Advocates: Shield poor students from pandemic budget cut
LANSING, Mich. (AP) — Michigan should shield low-income students from the brunt of a potential K-12 funding cut in the coming school year instead of making an across-the-board reduction to base aid to resolve a pandemic-caused budget hole, an education advocacy group said Tuesday.
The Education Trust-Midwest, a Royal Oak-based organization, and a group of business and civic leaders launched a campaign called “Opportunity for All” as Gov. Gretchen Whitmer and lawmakers grapple with $1.1 billion less in the school aid fund for the next fiscal year than was projected months ago. State officials will get a revised figure in August.
The Democratic governor and Republican-led Legislature are hoping for another round of federal coronavirus relief funding, which enabled them to effectively avoid K-12 cuts in the current budget and give districts more money for COVID-19 costs. The advocates called for prioritizing education over other budget areas but said that if a reduction is necessary for the budget year that starts in October, it should be done equitably — with aid protected for low-income students, English language learners and children with disabilities.
The cuts “should be much more sensitive to the actual needs of kids. We know that kids with particular needs cost more to support,” said Amber Arellano, Education Trust-Midwest’s executive director. She said there is evidence that “these are exactly the groups of kids that are falling the most behind during COVID-19.”
Past cuts to general per-pupil spending typically have been across the board.

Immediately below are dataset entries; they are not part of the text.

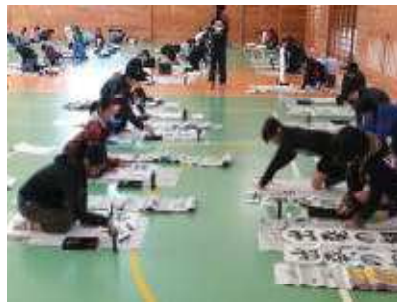
心を込めて力いっぱい6年生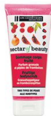
Gommage corps Les Cosmétiques Grenade Framboise 200ml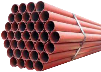
● Boyalı Boru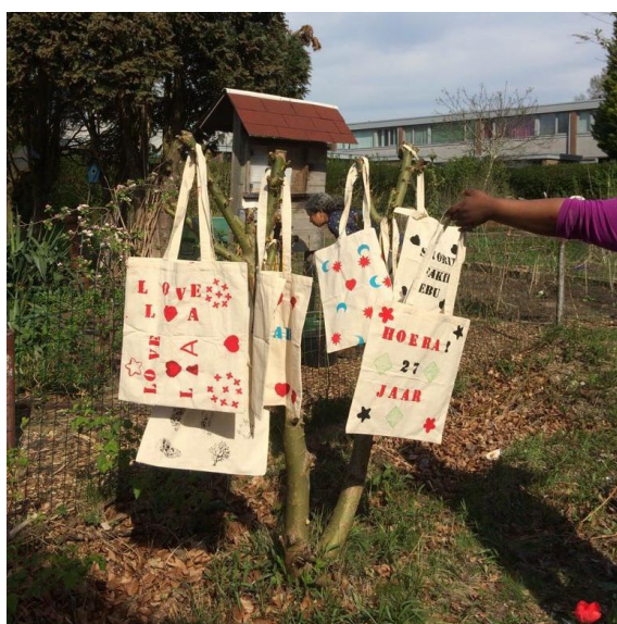
Tassen bedrukt bij handvaardigheid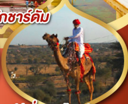
ฟรี ขี่อูฐ เมืองมันทวา ราคาเริ่มต้น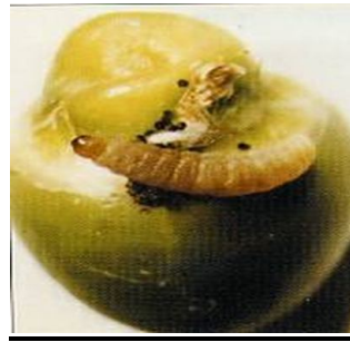
זחל של המזיק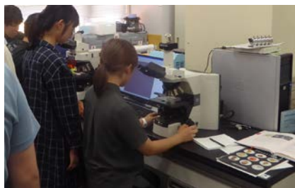
研修室での観察の様子

8月29日（水）、名城大学の学生を対象とした海洋環境実習を行いました。午前中は当事務所の港湾業務艇「しおさい」に乗船し、三河湾の水質や底質の状況について、愛知県水産試験場の職員から環境観測の項目や測定方法の説明を聞き、学生らが実際に測定機器を操作して、三河湾の湾奥部から湾口部までの各地点において観測しました。また、観測に合わせて、当事務所職員から三河港の荷役について説明を行い、自動車運搬船への積み込み状況も船上から見る事ができました。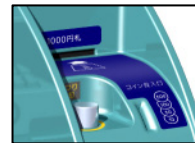
入れやすい金銭部

Others joining the push include businessman and Republican donor Mike Jandernoa, founder and chairman of the private equity firm 42 North Partners; Alice Thompson, CEO of Black Family Educational Services Inc.; Jametta Lilly, CEO of the Detroit Parent Network; and Adnoris “Bo” Torres, executive director of the Hispanic Center of West Michigan.
Education Trust-Midwest has sought to highlight that Michigan has a larger funding gap between the wealthiest and poorest districts than in many other states, when federal funding is excluded. It released a new brief outlining a “fair funding scale” of options. Under the most equitable model, if the wealthiest district saw per-student funding drop by $764, the poorest district would see it decline by $147.
The campaign drew criticism from others in the education community. Robert McCann, executive director of the Tri-County Alliance for Public Education — a coalition of Detroit-area superintendents — said suggesting that cuts are a path forward for any district is “unfortunately misguided. Instead of giving lawmakers an easy way out of the budget crisis they’ve created, we’re holding them accountable to invest the resources necessary to safely reopen schools in every district in Michigan. Anything short of that is unacceptable.”